Pericardial fat volume correlates with inflammatory markers: The framingham heart study

Thomas M. Tadros, Joseph M. Massaro, Guido A. Rosito, Udo Hoffmann, Ramachandran S. Vasan, Martin G. Larson, John F. Keaney, Izabella Lipinska, James B. Meigs, Sekar Kathiresan, Christopher J. O'Donnell, Caroline S. Fox, Emelia J. Benjamin

Research output: Contribution to journalArticlepeer-review

70 Scopus citations

Abstract

The objective of this study was to determine whether systemic inflammatory and oxidative stress marker concentrations correlate with pericardial and intrathoracic fat volumes. Participants of the Framingham Offspring Study (n = 1,175, 53% women, mean age 59 ± 9 years) had pericardial and intrathoracic fat volumes assessed by multidetector computed tomography (MDCT) scans, and provided fasting blood and urine samples to measure concentrations of 14 inflammatory markers: C-reactive protein (CRP), interleukin-6, monocyte chemoattractant protein-1 (MCP-1), CD40 ligand, fibrinogen, intracellular adhesion molecule-1, lipoprotein-associated phospholipase A 2 activity and mass, myeloperoxidase, osteoprotegerin, P-selectin, tumor necrosis factor-α, tumor necrosis factor receptor-2, and urinary isoprostanes.
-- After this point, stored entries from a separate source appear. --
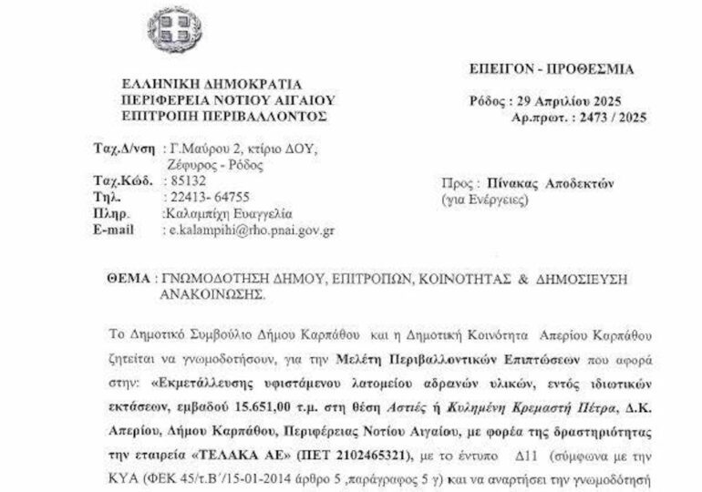 Το περιεχόμενο του εγγράφου είναι ιδιαιτέρως σοβαρό, καθώς σχετίζεται με τον Δήμαρχο Καρπάθου κ. Φελλουζή, ο οποίος, επί 26 χρόνια, επιδιώκει τη λήψη περιβαλλοντικής άδειας για τη λειτουργία λατομείου, χωρίς μέχρι σήμερα να έχει λάβει έγκριση από τις αρμόδιες αρχές.
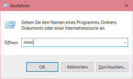 - DrĂĽcken Sie die Tastenkombination [Windows] + [R]. Geben Sie anschlieĂźend mmc in das Feld ein und drĂĽcken Sie [Enter].
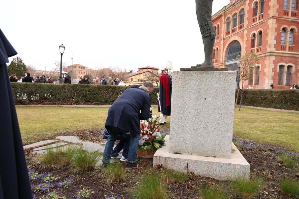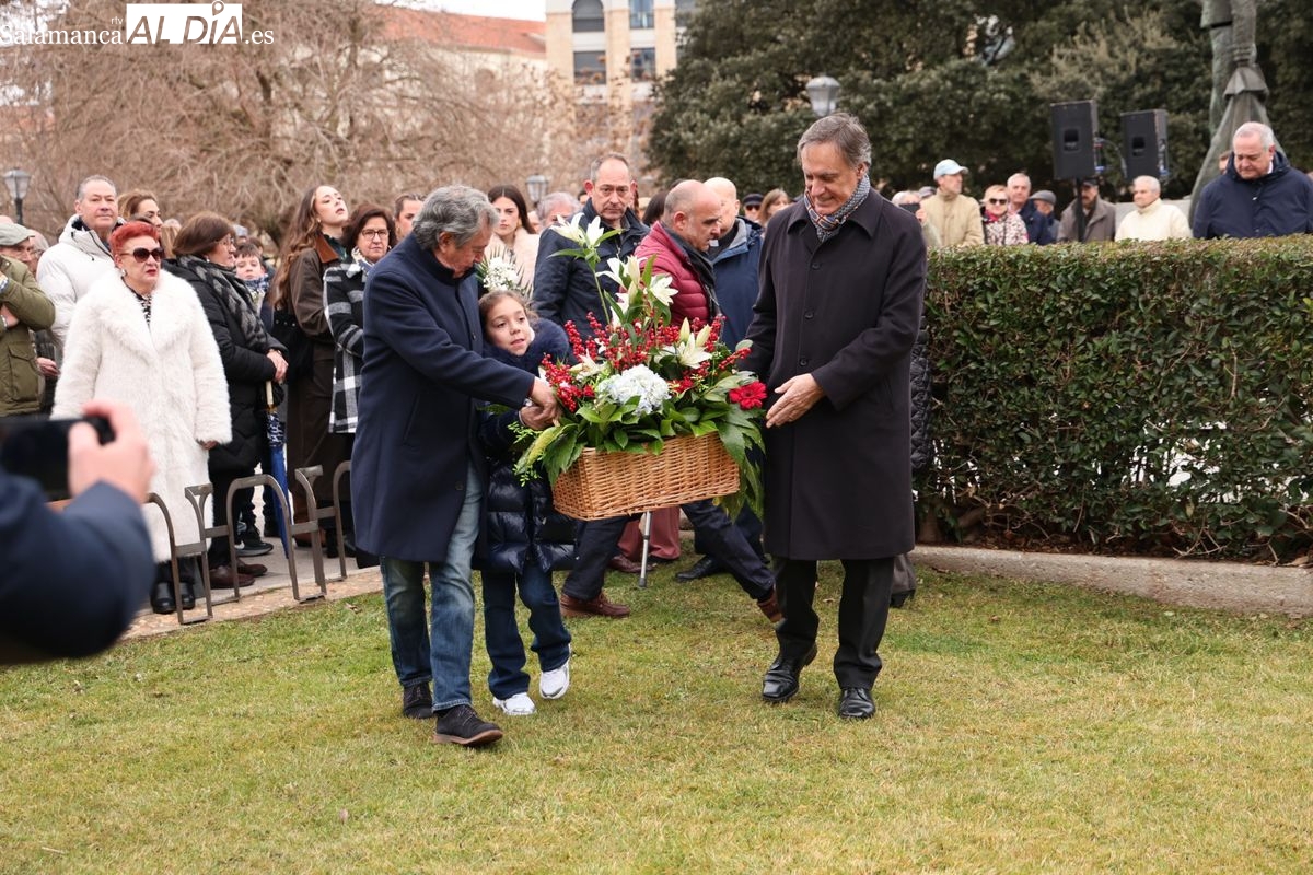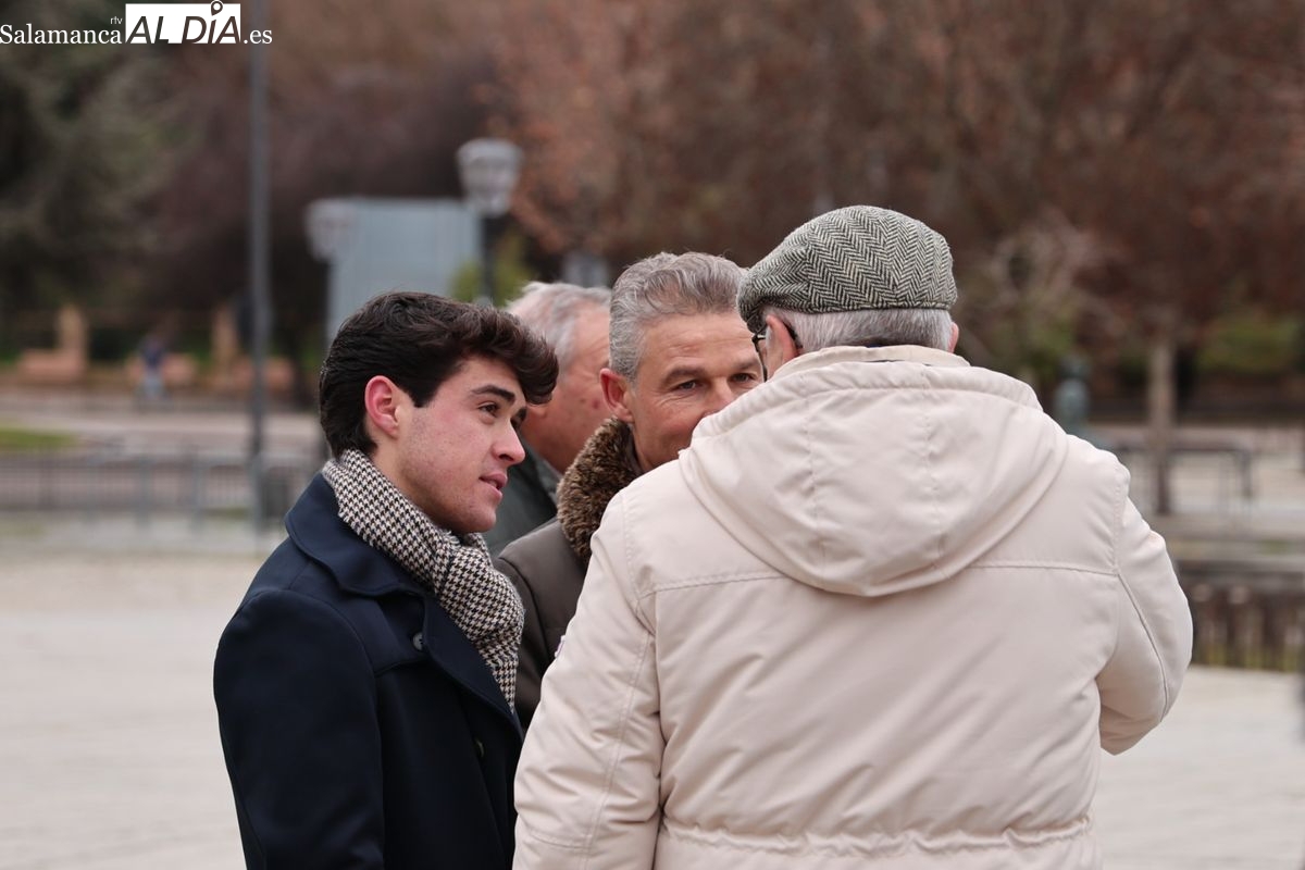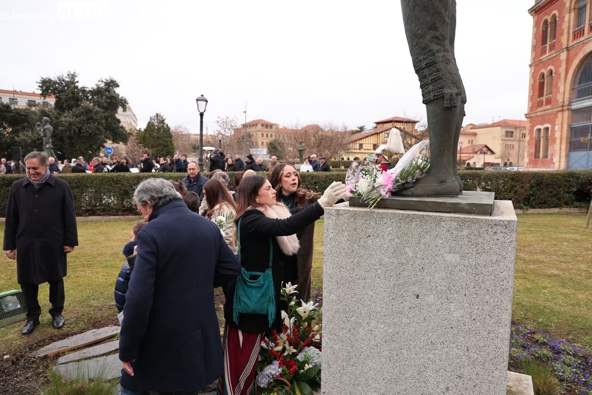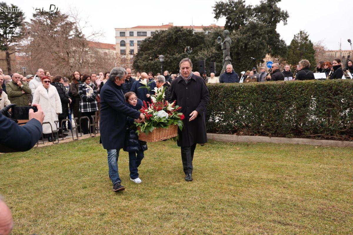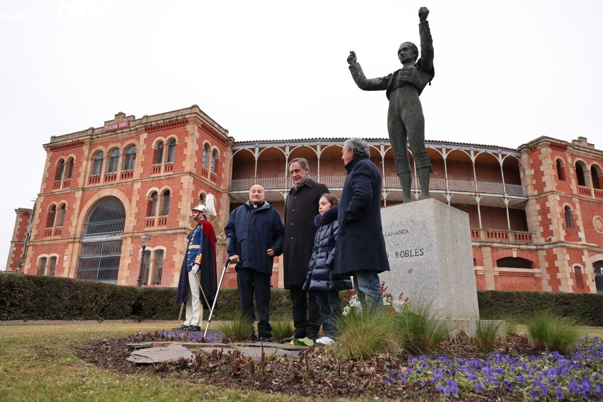 Tras la intervención musical, ha tomado la palabra el presidente de la Federación de Peñas Taurinas de Salamanca, Jorge Lurueña. Acto seguido, y acompañado por el alcalde de Salamanca, Carlos García Carbayo, y los familiares de Julio Robles, se ha procedido a depositar un centro de flores a los pies de la escultura.
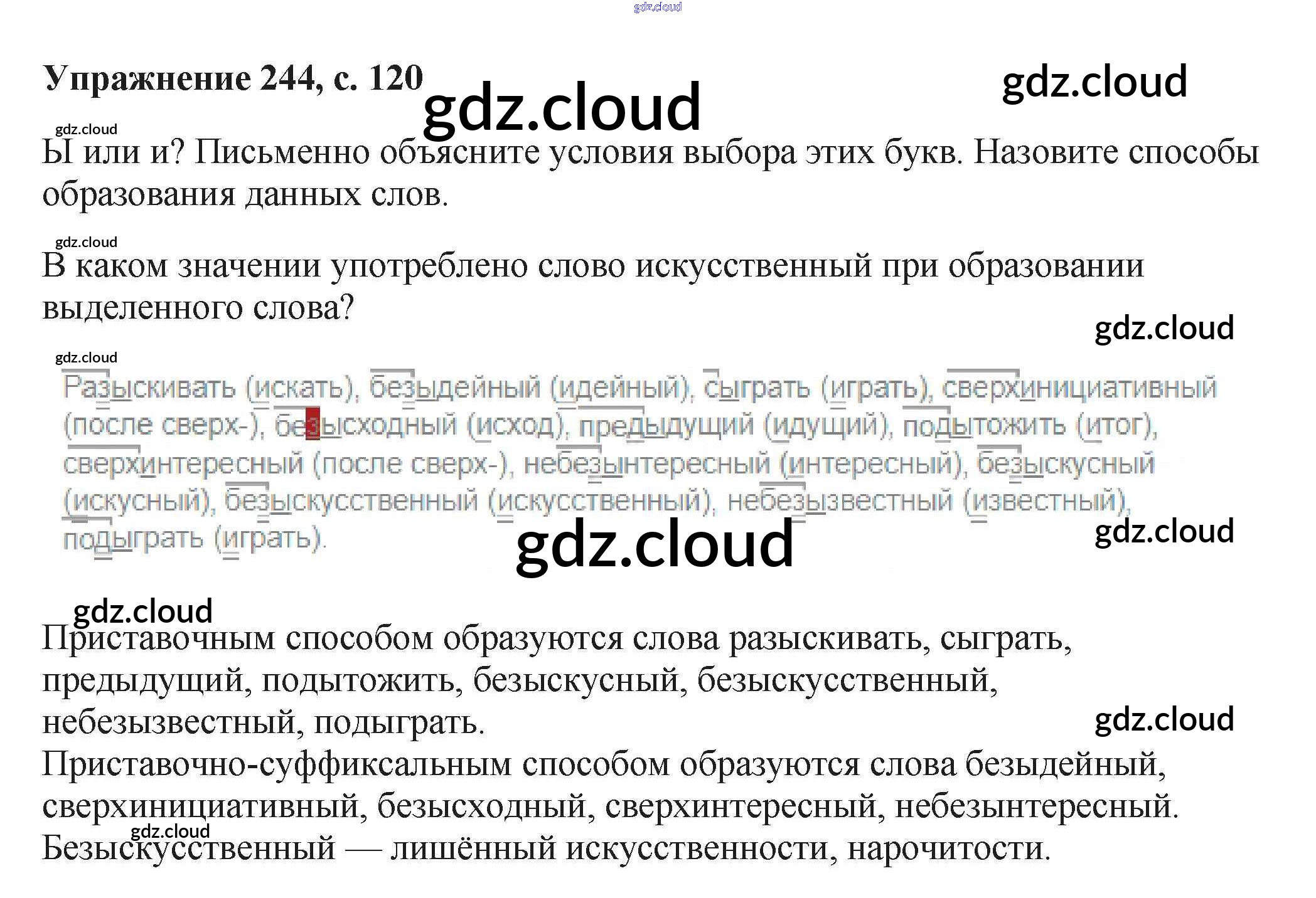 Ответ на задание 244 Учебник Русский язык за 6 (шестой) класс Баранов, Ладыженская, Тростенцова, Григорян, Кулибаба 2015, 2022 Часть 1, 2

Multivariable linear regression models were used to determine the association of log-transformed inflammatory marker concentrations with fat volumes, using fat volume as the dependent variable. Due to smaller sample sizes, models were rerun after adding urinary isoprostanes (n = 961) and tumor necrosis factor-α (n = 813) to the marker panel. Upon backward elimination, four of the biomarkers correlated positively with each fat depot: CRP (P <0.0001 for each fat depot), interleukin-6 (P <0.05 for each fat depot), MCP-1 (P 0.01 for each fat depot), and urinary isoprostanes (P <0.01 for pericardial fat; P 0.001 for intrathoracic fat). Even after adjusting for BMI, waist circumference (WC), and abdominal visceral fat, CRP (P = 0.0001) and urinary isoprostanes (P = 0.02) demonstrated significant positive associations with intrathoracic fat, but not with pericardial fat. Multiple markers of inflammation and oxidative stress correlated with pericardial and intrathoracic fat volumes, extending the known association between regional adiposity and inflammation and oxidative stress.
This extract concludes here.